The base may further comprise an anti-overstress surface which is
disposed to prevent excessive and potentially damaging stress on
the second contact arm of each contact. The anti-overstress surface
may be parallel and spaced from the anti-overstress fulcrum. An
actuator channel is defined generally between the anti-overstress
fulcrum and the anti-overstress surface for receiving at least the
portion of an actuator in which the cable is disposed.
The base may further comprise guide means for properly aligning the
actuator to the base, and locking arms to securely lock the
actuator into a position where the flat cable will be in electrical
connection with the contacts. The base may further be provided with
tabs for mechanically engaging portions of the flat cable to
achieve strain relief.
The actuator is dimensioned to pivotally move relative to the base.

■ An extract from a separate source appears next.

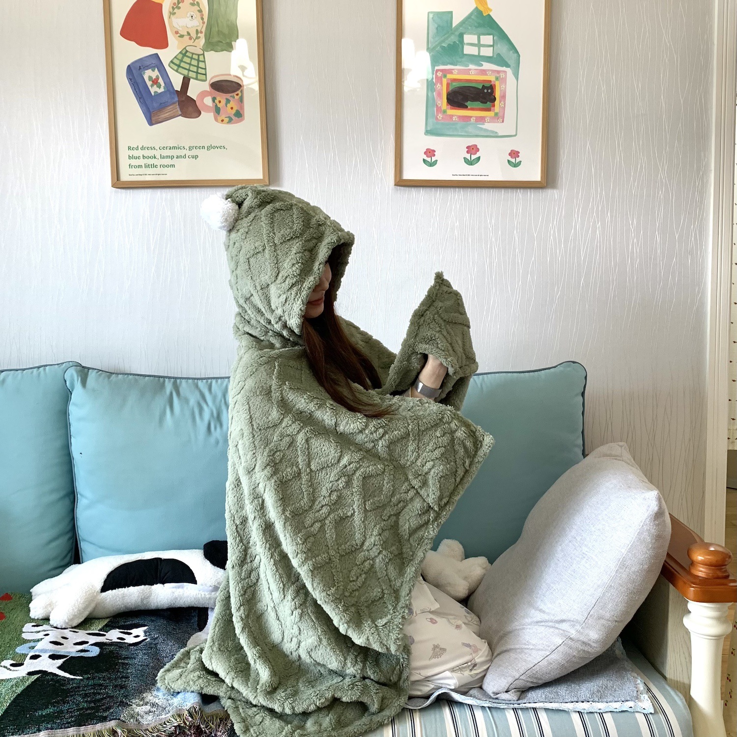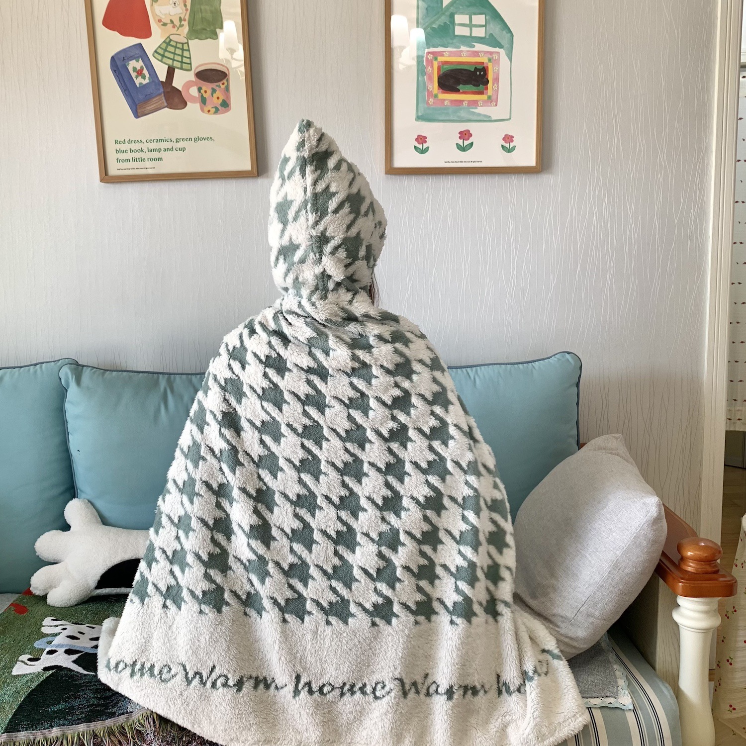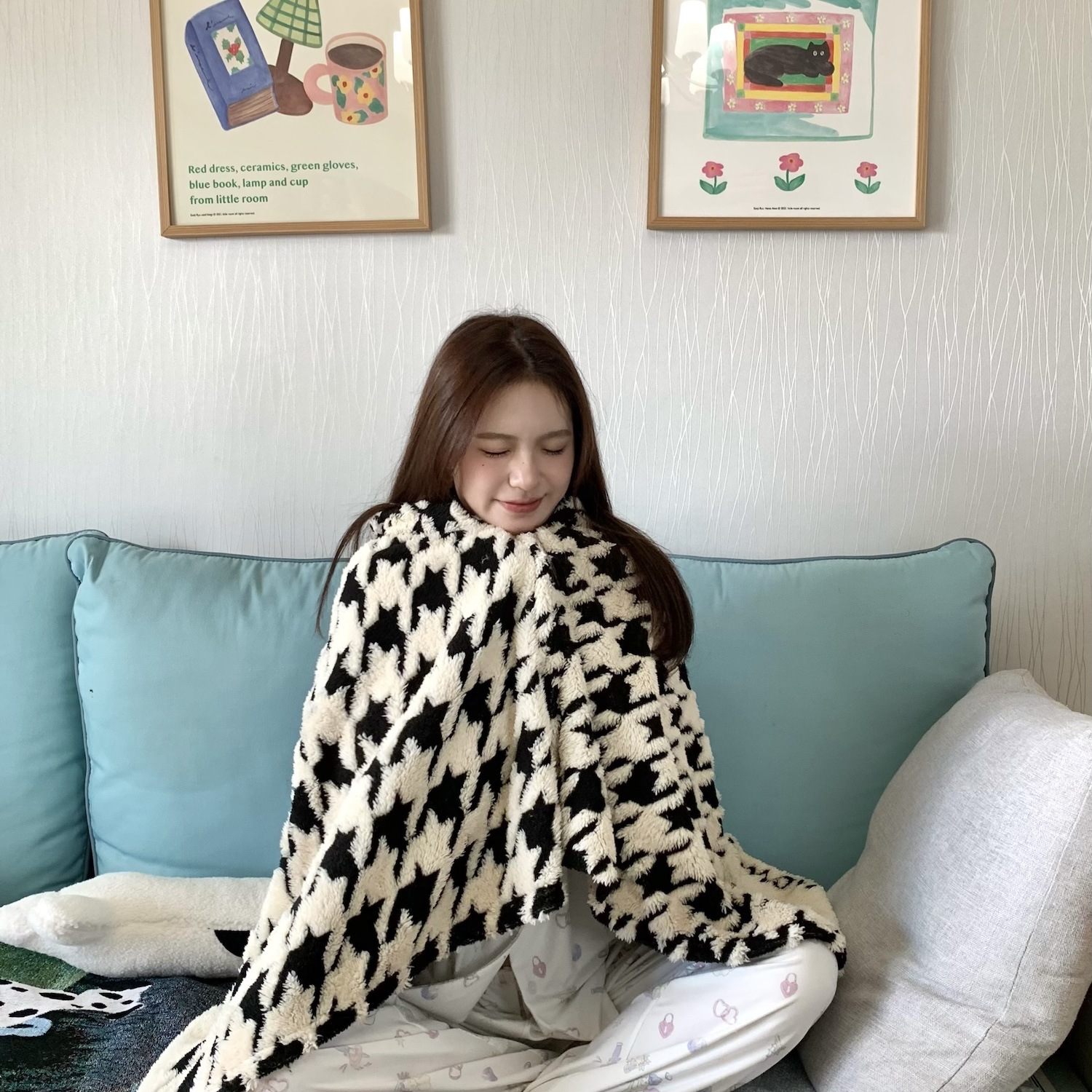 봄과 가을 두꺼운 다기능 격자 무늬 목도리 담요 사무실 양털 낮잠 담요 커버 담요 소파 담요 버클 게으른 담요스토어 가기

More particularly, the actuator includes spaced apart top and
bottom supports which define an elongated slot with an opening
dimensioned to receive the thickest flat cable with which the
subject ZIF connector may be employed. The entrance to the slot in
the actuator preferably is flared to facilitate positioning of the
flat cable therein.
The actuator may include channels, rails or other guide means for
guiding the actuator into proper position relative to the base
housing. The actuator includes an initial stop which will engage
the initial fulcrum of the housing, and about which the actuator
will rotate relative to the initial fulcrum of the base housing. As
noted above, this rotation of the actuator about the initial
fulcrum will urge the flat cable toward the anti-overstress fulcrum
of the base.
As the actuator and the base are advanced toward the fully seated
position, the opposed sides of the flat cable will be urged into
contact with the respective arms of the contact. These arms of the
contact will be biased outwardly and away from one another to
create a normal force on the conductors of the flat cable, thereby
achieving the required electrical connection. The anti-overstress
pivot point positively limits the magnitude of the deformation of
the contact arms to ensure that the contact arms are not
overstressed and thereby damaged. In the fully seated position, the
actuator ensures that the cable is urged into contact with both
arms of the C-shaped contact.
The actuator further comprises locking means for securely engaging
the base, and keeping the actuator in the fully seated
position.
BRIEF DESCRIPTION OF THE DRAWINGS
FIG. 1 is an exploded perspective view of the ZIF connector of the
subject invention.
FIG. 2 is a front elevational view of the actuator of the ZIF
connector of the subject invention.
FIG. 3 is a perspective view of the ZIF connector in an assembled
but opened condition.
FIG. 4 is a cross-sectional view taken along line 4--4 in FIG.
3.
FIG. 5 is a perspective view of the assembled ZIF connector in a
closed condition.
FIG. 6 is a cross-sectional view taken along line 6--6 in FIG.
5.
FIG. 7 is a cross-sectional view similar to FIG. 6 but showing a
different dimension cable.
DETAILED DESCRIPTION OF THE PREFERRED EMBODIMENT
The ZIF connector of the subject invention is indicated generally
by the numeral 10 in FIG. 1. The ZIF connector 10 includes a
plurality of electrical contacts 12, a base 14 into which the
contacts 12 may be mounted, and an actuator 16 which may be slid
and then pivoted into engagement with the base 14.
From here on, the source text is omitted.